Untitled by Ezra Kaye

Nonfiction

The somewhat salty, clean, moist, mediterrainian breeze brings life to the trees in Kfar Nordiya. The nearby farm wafts the warm feel and earthy smell onto the two story, blocky, 80’s style living quarters. They’re painted in two different shades of blue, one accenting the corners where two walls meet. The ground is hot, and the brisk sea water is cold. The food was merely okay; however, Kfar Nordiya was made mostly by the people I shared it with, and the people I didn’t. 

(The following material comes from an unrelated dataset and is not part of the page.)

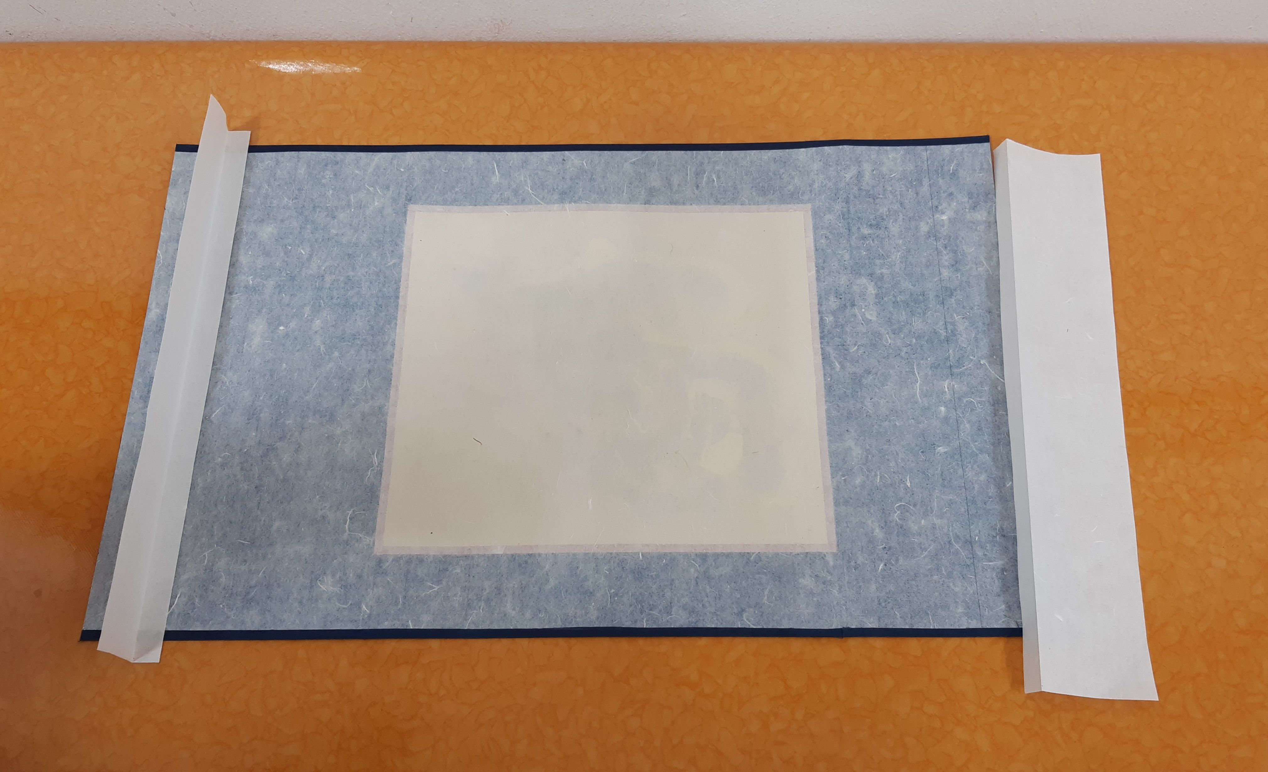 1.5cm 부분을 접어 반만 풀칠하여 족자에 붙입니다.

Nothing but warm memories fill my mind when I think about it. Nordiya was the birthplace of my relationship. And the place where I began to grieve for my Grandmother. The fresh pomegranates that we picked everyday were like the feelings I had there, bitter, then sweet. I woke up every morning at 5:00 am to see the yellow sunrise over the clear-blue sea. The light always pierced my eyes so I had to squint. I could feel the warmth on my skin, and the sand beneath my feet begin to disappear. I saw her, my Grandmother, she told me that there was more to this place than met the eye. I spent the last four days there trying to figure out what she meant.

On the third to last day I wrote something to be said at her funeral. I talked about the Arab saying, “What is to come is better than what is gone.” Each day at Kfar Nordiya, what came to me was better than what populated my past. It was hard to say goodbye when we left on the last day, and I still hadn’t figured out what my Grandmother meant. It wasn’t until I returned two weeks later that I figured out what she meant. There was so much that was so beautiful superficially. The water glistened in the sun, the warmth made me feel welcome, the architecture created an atmosphere of freedom, the food was just okay. Below all that was the power, and the magic that brought so many together, fostered hope, nurtured love, and most of all created a world that felt like it was just on the border of heaven and earth.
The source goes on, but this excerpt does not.